8. On 2009-04-07, Vincent said:

Ben: You're right.


9. On 2009-04-07, Guy Shalev said:

Vincent, an arrow from the cube that goes both to the cubes and to the bubble, does that count as rightward arrow for you?

Also, you said that those who have the most fun are those who insert these rightward arrows from elsewhere. If that is the most fun to play, why not include these arrows inside the game's mandatory structure?


10. On 2009-04-07, Vincent said:

Rob: It really depends.

Case 1:

1. When you want to describe the weather where the characters are, roll. On a success, say what the weather's like there. (On a failure, it's 76°, few clouds, with a pleasant little breeze.)

2. When your character's taking strenuous action, if it's oppressively hot where your character is, you get -2 to your roll.

That's boxes to cloud, then cloud to boxes.

Case 2:

1. When you want to give another player a die penalty, make a roll.

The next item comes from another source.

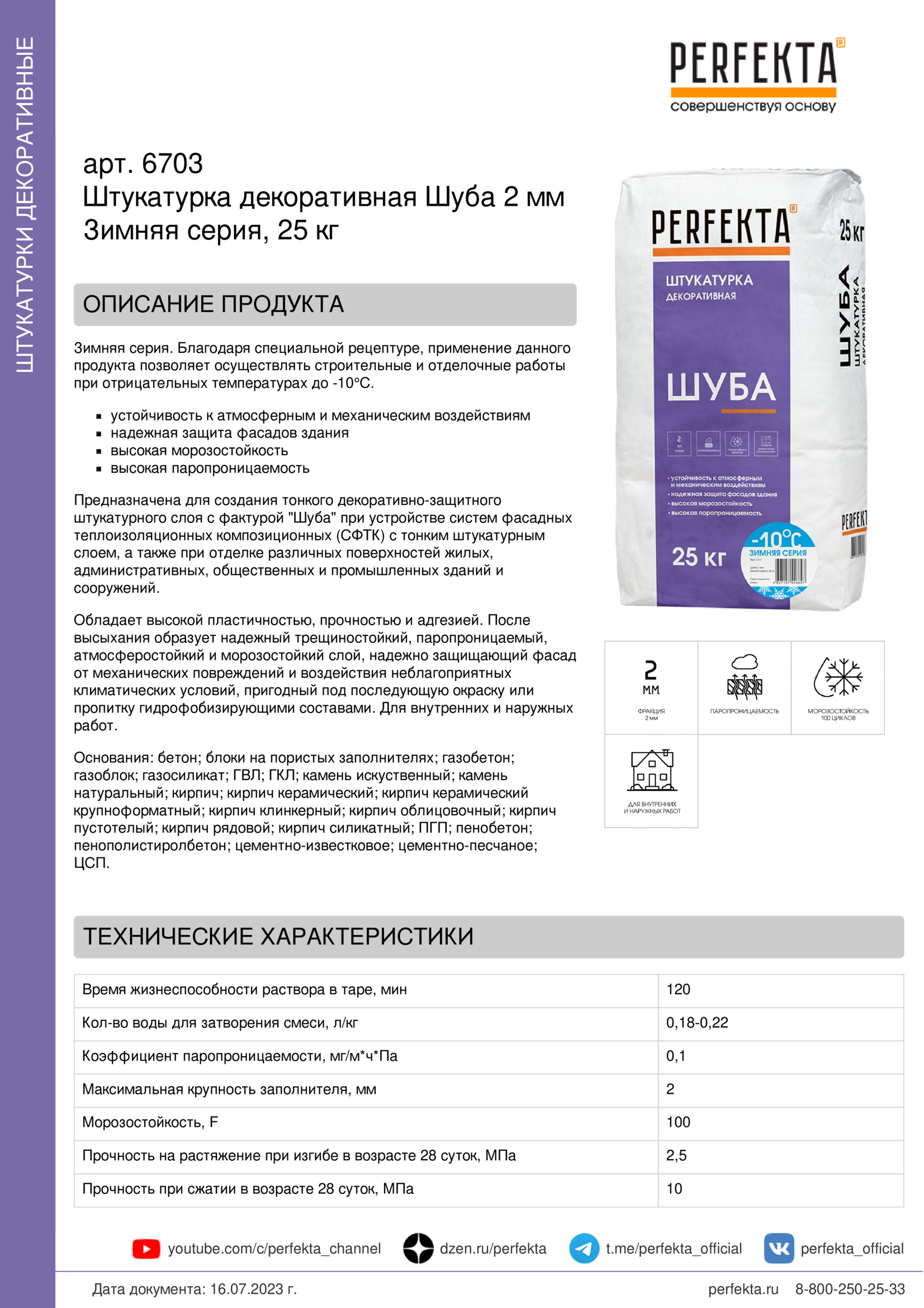 Зимняя серия. Благодаря специальной рецептуре, применение данного продукта позволяет осуществлять строительные и отделочные работы при отрицательных температурах до -10°С.

On a success, a) say what's making life hard for their character, and b) give them a -2 to their roll.

That's a) boxes to cloud, with a simultaneous b) boxes to boxes.

(So, Guy: no, it doesn't count as a rightward arrow.)

In case 1, the more time and conceptual space between those two rules' applications, the more real the oppressive heat will seem. For instance: you make a weather roll at the beginning of the session, declare that it's oppressively hot, and so for the entire session all the players roll -2 for all their characters' strenuous actions.


11. On 2009-04-07, Vincent said:

Also, you said that those who have the most fun are those who insert these rightward arrows from elsewhere. If that is the most fun to play, why not include these arrows inside the game's mandatory structure?

Pretty much because I designed the game before I figured it out.

Poison'd is a zillion times better at this stuff than In a Wicked Age is. This is because, while they came out at about the same time, I designed In a Wicked Age substantially earlier.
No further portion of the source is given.